WHAT THE TASK ASKS: All pictures are to be omitted while the lines starting at the line with "ガイドさんがさっと潜ってフグ" and ending at the line with "fills with: bind:Widgets.DepartmentTable1.selecteditem.deptId" in the material below are retyped exactly, both ends included.

DATA SHOWN:
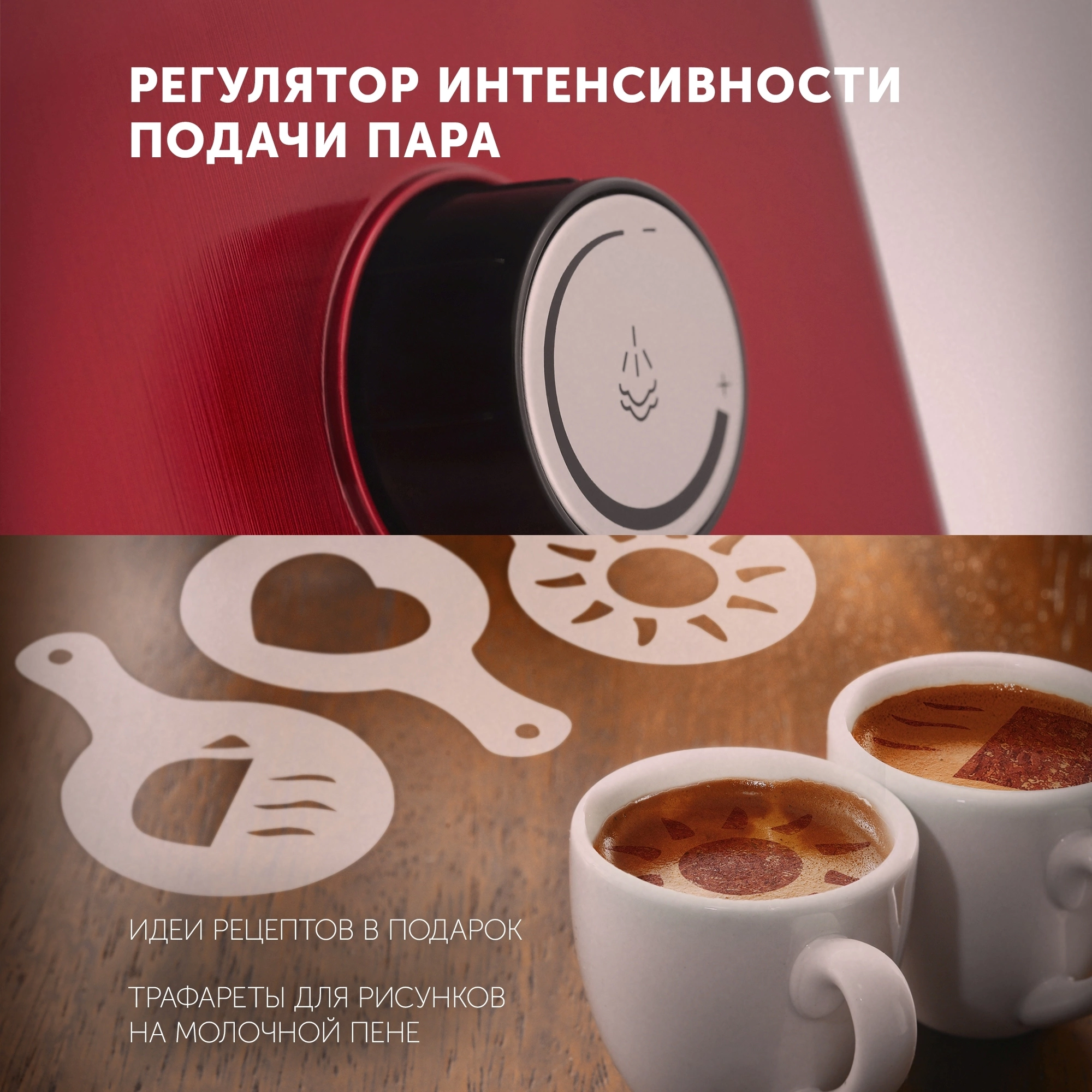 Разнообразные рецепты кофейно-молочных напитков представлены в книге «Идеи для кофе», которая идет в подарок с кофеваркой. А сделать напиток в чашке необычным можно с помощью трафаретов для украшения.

==

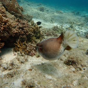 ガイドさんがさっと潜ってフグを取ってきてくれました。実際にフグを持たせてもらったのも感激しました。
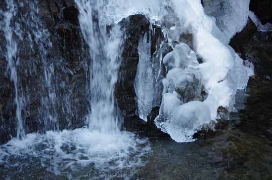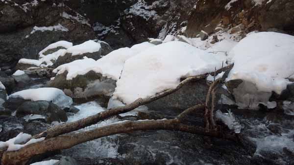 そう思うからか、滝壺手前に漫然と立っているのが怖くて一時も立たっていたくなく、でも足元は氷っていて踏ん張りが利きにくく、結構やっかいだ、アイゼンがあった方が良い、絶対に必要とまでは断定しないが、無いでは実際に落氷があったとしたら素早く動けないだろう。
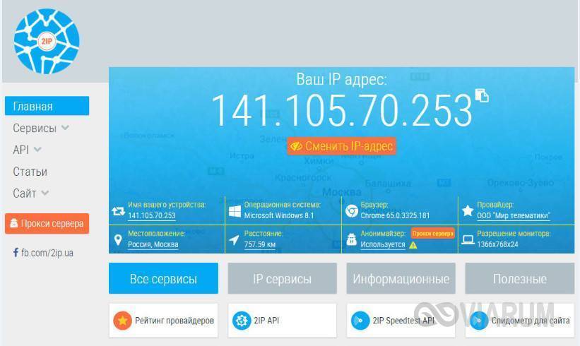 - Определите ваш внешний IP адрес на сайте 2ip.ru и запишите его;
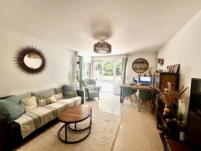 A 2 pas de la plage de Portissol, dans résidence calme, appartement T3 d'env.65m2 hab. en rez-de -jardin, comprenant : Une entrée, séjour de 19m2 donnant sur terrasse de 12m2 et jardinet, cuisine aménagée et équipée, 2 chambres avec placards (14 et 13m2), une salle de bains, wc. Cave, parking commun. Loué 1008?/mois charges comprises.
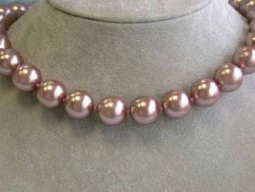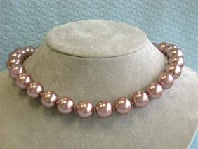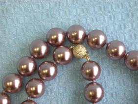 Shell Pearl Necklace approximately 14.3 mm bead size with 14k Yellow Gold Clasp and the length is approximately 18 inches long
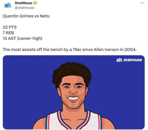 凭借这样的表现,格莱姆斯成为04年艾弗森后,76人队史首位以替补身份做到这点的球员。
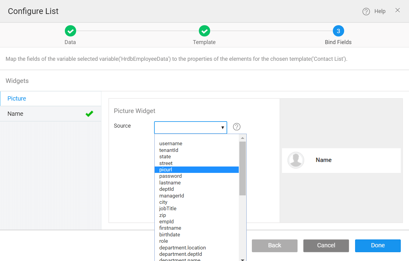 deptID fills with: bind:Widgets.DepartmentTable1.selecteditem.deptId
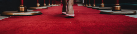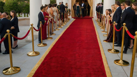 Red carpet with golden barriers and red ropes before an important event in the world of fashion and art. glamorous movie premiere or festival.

ANSWER SPACE:
 ガイドさんがさっと潜ってフグを取ってきてくれました。実際にフグを持たせてもらったのも感激しました。
 そう思うからか、滝壺手前に漫然と立っているのが怖くて一時も立たっていたくなく、でも足元は氷っていて踏ん張りが利きにくく、結構やっかいだ、アイゼンがあった方が良い、絶対に必要とまでは断定しないが、無いでは実際に落氷があったとしたら素早く動けないだろう。
 - Определите ваш внешний IP адрес на сайте 2ip.ru и запишите его;
 A 2 pas de la plage de Portissol, dans résidence calme, appartement T3 d'env.65m2 hab. en rez-de -jardin, comprenant : Une entrée, séjour de 19m2 donnant sur terrasse de 12m2 et jardinet, cuisine aménagée et équipée, 2 chambres avec placards (14 et 13m2), une salle de bains, wc. Cave, parking commun. Loué 1008?/mois charges comprises.
 Shell Pearl Necklace approximately 14.3 mm bead size with 14k Yellow Gold Clasp and the length is approximately 18 inches long
 凭借这样的表现,格莱姆斯成为04年艾弗森后,76人队史首位以替补身份做到这点的球员。
 deptID fills with: bind:Widgets.DepartmentTable1.selecteditem.deptId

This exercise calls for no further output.